Радищев
Шрифт:
— Про стихи угадано верно только относительно их появления. Но причина, их вызвавшая, противоположна той, которую указали вы. Мои стихи свидетельствуют о том, как влечение слепого инстинкта, очистившись красотой, возвышается до любви.
Бериш остро глянул на смотревшего куда-то вдаль юношу. Он им любовался. Но, по привычке не доверяя, на всякий случай вымолвил:
— Темно и невнятно. Сколько вас ни учу хорошему вкусу, вы опять сбиваетесь на высокопарный тон.
Юноша так непонимающе, так как-то издали глянул на Бериша, что тот смутился и неожиданно для себя самого положил свою руку, изнеженную и нарядную, как у женщины, от сверкающих колец, на еще юношески неуклюжую кисть Антиноя. Потушив
— Разве вы не знаете, как мне дороги ваши стихи? Я ломаю голову, чтобы создать достойный их шрифт. Я загонял приказчиков Шенэ поисками для них особой бумаги, я, «серый дьявол», для всех злой Бериш, я ведь первый, кто высоко оценил ваши стихи.
И опять вдруг испугавшись смешной чувствительности, он снял руку и улыбнулся с обычным высокомерием:
— Ну, расскажите по крайней мере, каким образом произошло абстрагирование темы «Анхен» в красоту? Человек, который переписал собственным великолепнейшим почерком в золотообрезную книжку все ваши стихи, ей посвященные, кроме этих последних, которые вы сейчас желаете утаить, — не правда ли, достоин, зная начало, узнать и конец?
Антиной весело улыбнулся, но не Беришу, а собственным воспоминаниям, и, очевидно только в них погруженный, легко рассказал:
— Это было, Бериш, еще до знакомства с вами, шлифовщиком моего вкуса, и я страдал одной глупостью, присущей малограмотным людям: я любил всюду лепить собственный вензель. Таким образом я нанес ранение чудесной липе на опушке Розенталя. Буквы состарились и одеревенели, когда я, познакомившись с Анхен, над своим именем вырезал на свежей коре той же липы имя ее. Вырезал и забыл. Всю зиму я вел себя пребезобразно: ревновал, обижал, терзал капризами. Она была бы вправе сказать: «Der Liebe leichtes Band machst du zum schweren Joch…» [45]
45
Легкие узы любви ты превращаешь в тяжелое иго (нем.).
— За нее сказали вы… — усмехнулся Бериш.
— Словом, Бериш, я в эту зиму исчерпал ее свежее чувство и надоел сам себе.

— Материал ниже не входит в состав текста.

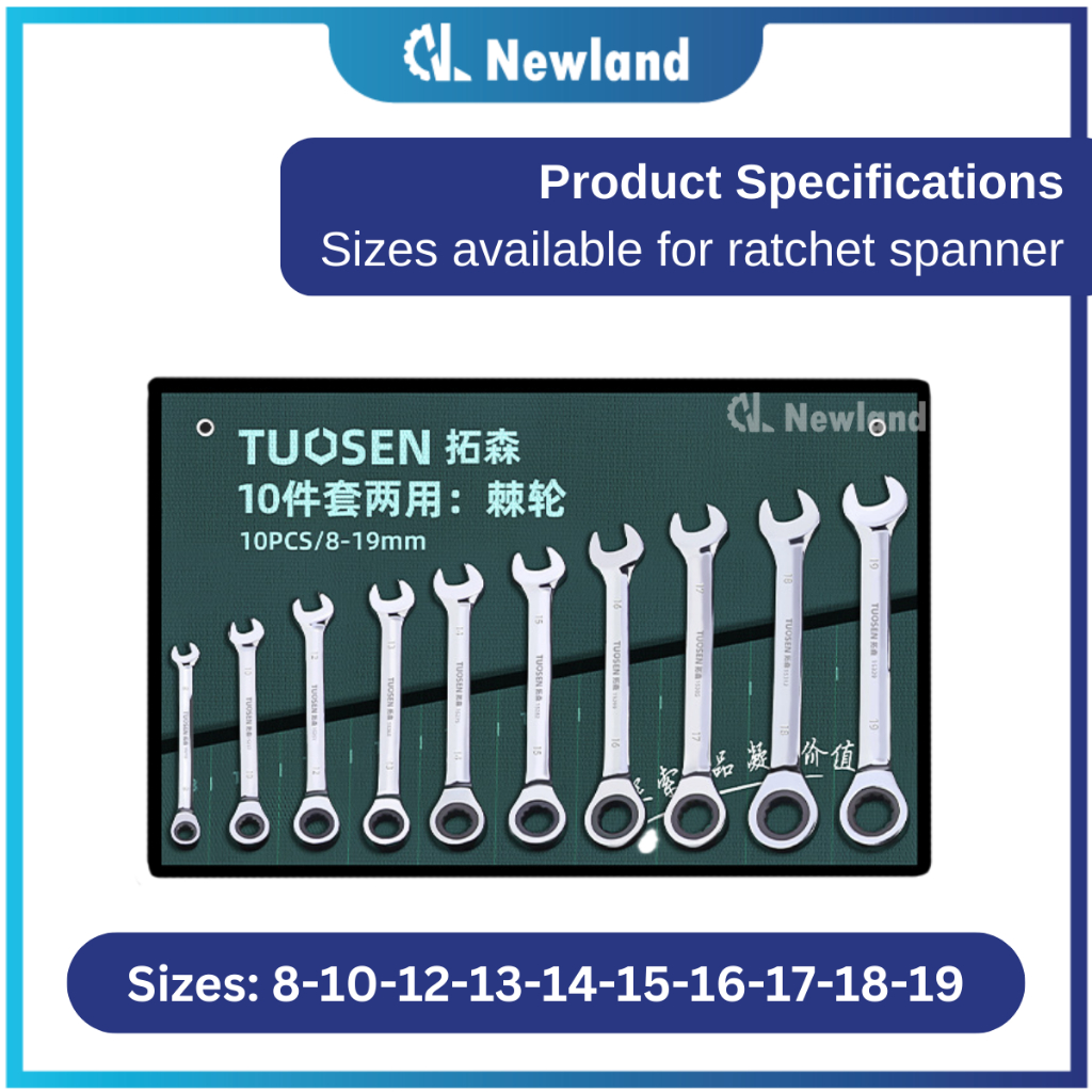 Spanner Ratchet Set - Heavy Duty 10pcs (8 - 19mm) 72-Tooth Spanar Rachet

— Прекрасно сформулировано! — воскликнул Бериш. — Это именно то, чего никто не прощает, если из-за возлюбленной надоест сам себе. По этой причине мое сердце уже не замирает от чьих бы то ни было инициалов, исключая соединения на титульном листе иной книги двух имен: Краузе и Графф — первейшего нашего гравера и лучшего в мире издателя. Но продолжайте, мой друг, вашу идиллию…

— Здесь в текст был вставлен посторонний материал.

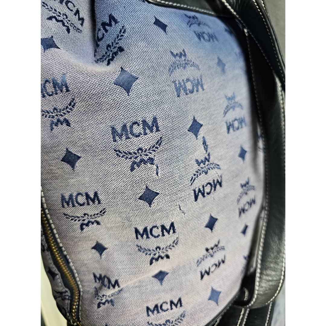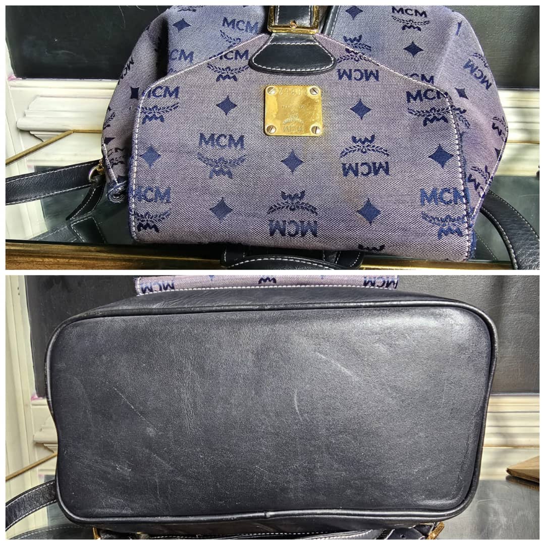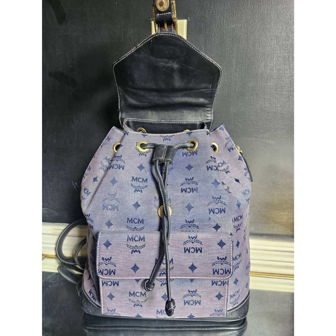 This authentic MCM canvas leather backpack gray blue is in it’s good pre-owned condition. The exterior blue canvas is clean but faded. The navy blue leather trim is clean. Interior is clean.

— Однажды этой весной, когда в злом унынии, окончательно поссорившись с Анхен, я бродил на опушке нашего парка, я набрел на ту липу, носившую наши имена. Взглянув на них, я отпрянул, пораженный… Как обычно в эту пору, молодые весенние соки, мощно бродившие в дереве, струились из свежих надрезов имени Анхен и орошали одеревенелое имя мое. Милый Бериш, уверяю вас, — дерево плакало.

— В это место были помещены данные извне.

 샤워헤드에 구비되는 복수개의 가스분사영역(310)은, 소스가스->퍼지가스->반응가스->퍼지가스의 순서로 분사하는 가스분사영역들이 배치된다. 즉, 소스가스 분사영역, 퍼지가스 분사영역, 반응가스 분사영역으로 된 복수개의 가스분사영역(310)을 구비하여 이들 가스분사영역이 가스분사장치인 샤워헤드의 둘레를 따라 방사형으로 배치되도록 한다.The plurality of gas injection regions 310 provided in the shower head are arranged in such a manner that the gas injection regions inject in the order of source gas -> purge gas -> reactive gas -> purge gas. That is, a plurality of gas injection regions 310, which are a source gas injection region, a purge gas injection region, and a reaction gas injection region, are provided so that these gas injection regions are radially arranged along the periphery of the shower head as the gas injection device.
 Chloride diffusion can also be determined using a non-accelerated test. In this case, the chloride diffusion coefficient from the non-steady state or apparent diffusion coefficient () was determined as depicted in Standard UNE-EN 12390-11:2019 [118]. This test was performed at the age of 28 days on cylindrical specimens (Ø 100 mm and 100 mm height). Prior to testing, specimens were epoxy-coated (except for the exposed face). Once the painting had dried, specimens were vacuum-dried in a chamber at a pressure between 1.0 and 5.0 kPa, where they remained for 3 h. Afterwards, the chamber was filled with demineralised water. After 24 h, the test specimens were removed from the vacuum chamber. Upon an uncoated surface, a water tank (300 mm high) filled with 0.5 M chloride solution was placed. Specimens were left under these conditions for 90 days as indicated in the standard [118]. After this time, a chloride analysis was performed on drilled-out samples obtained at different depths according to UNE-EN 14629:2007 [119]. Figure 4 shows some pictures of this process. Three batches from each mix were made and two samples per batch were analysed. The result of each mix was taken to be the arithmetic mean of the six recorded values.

— Очень любезно со стороны дерева, — засмеялся Бериш. — Стихотворение в честь него должно быть названо «Липовые слезы». Скажите на милость! Сквозь имя возлюбленной оно оросило с укором имя жестокого. Не правда ли, этот поэтический упрек вызвал в ваших чувствах то, чего вызвать уже не в силах была живая девушка своими настоящими, солеными слезами. Эти слезы текут у них по щекам, оставляя порой грязноватые полоски.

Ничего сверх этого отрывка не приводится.